* _Brief_
An exact restatement of the data below, with the pictures removed, is the required answer.

* _Task inputs_

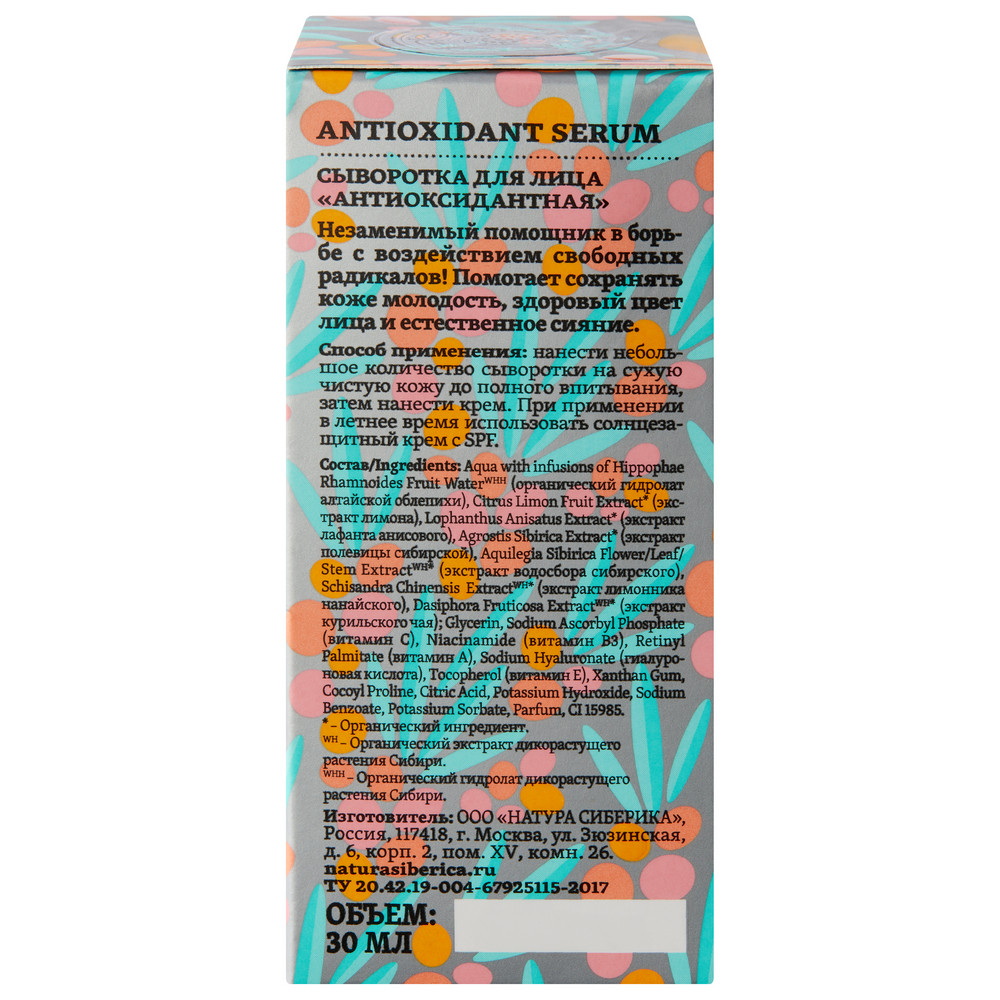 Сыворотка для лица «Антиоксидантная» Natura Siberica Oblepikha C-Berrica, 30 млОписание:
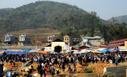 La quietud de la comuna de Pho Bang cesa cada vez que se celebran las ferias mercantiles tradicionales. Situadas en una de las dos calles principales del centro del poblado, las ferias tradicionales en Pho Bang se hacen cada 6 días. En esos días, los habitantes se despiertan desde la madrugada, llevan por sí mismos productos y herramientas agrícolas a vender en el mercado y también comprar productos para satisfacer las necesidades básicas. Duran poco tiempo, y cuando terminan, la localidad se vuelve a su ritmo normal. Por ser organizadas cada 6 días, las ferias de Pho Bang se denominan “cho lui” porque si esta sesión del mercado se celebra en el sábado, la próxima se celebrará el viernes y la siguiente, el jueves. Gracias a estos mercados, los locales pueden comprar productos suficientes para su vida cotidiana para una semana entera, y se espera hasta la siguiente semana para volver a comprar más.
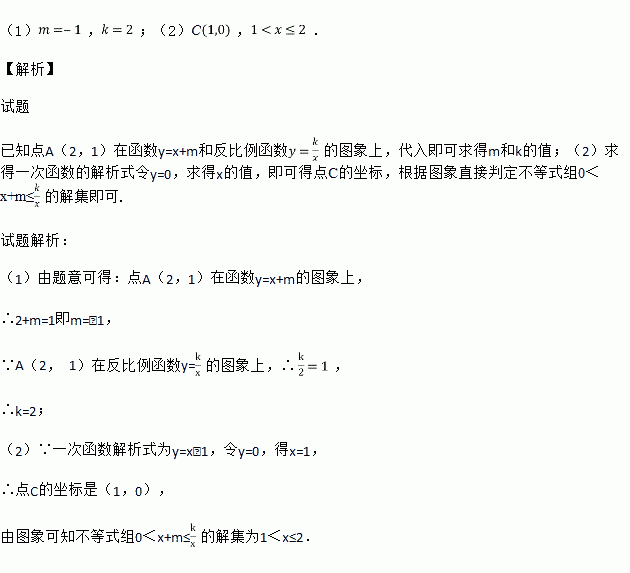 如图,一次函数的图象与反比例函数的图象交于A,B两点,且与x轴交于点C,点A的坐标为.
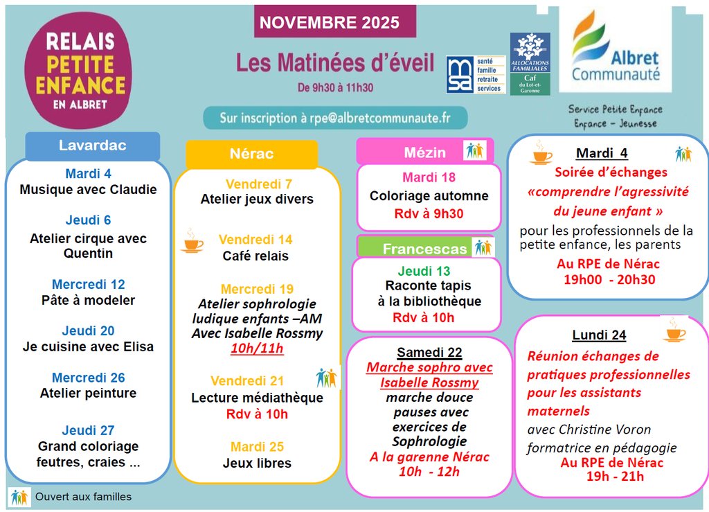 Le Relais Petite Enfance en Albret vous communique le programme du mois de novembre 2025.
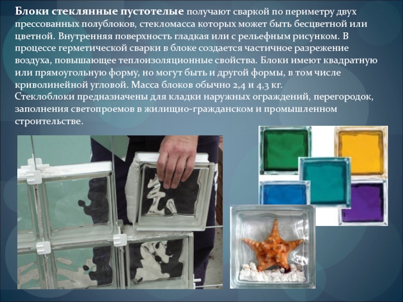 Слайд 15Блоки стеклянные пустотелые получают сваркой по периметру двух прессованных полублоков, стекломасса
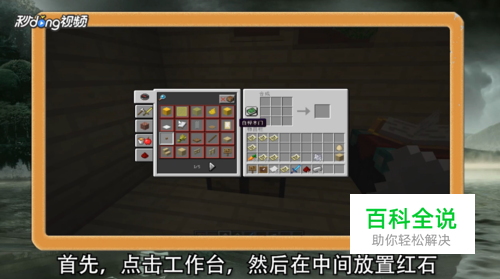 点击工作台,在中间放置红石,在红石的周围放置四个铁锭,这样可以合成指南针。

* _Expected answer_
 Сыворотка для лица «Антиоксидантная» Natura Siberica Oblepikha C-Berrica, 30 млОписание:
 La quietud de la comuna de Pho Bang cesa cada vez que se celebran las ferias mercantiles tradicionales. Situadas en una de las dos calles principales del centro del poblado, las ferias tradicionales en Pho Bang se hacen cada 6 días. En esos días, los habitantes se despiertan desde la madrugada, llevan por sí mismos productos y herramientas agrícolas a vender en el mercado y también comprar productos para satisfacer las necesidades básicas. Duran poco tiempo, y cuando terminan, la localidad se vuelve a su ritmo normal. Por ser organizadas cada 6 días, las ferias de Pho Bang se denominan “cho lui” porque si esta sesión del mercado se celebra en el sábado, la próxima se celebrará el viernes y la siguiente, el jueves. Gracias a estos mercados, los locales pueden comprar productos suficientes para su vida cotidiana para una semana entera, y se espera hasta la siguiente semana para volver a comprar más.
 如图,一次函数的图象与反比例函数的图象交于A,B两点,且与x轴交于点C,点A的坐标为.
 Le Relais Petite Enfance en Albret vous communique le programme du mois de novembre 2025.
 Слайд 15Блоки стеклянные пустотелые получают сваркой по периметру двух прессованных полублоков, стекломасса
 点击工作台,在中间放置红石,在红石的周围放置四个铁锭,这样可以合成指南针。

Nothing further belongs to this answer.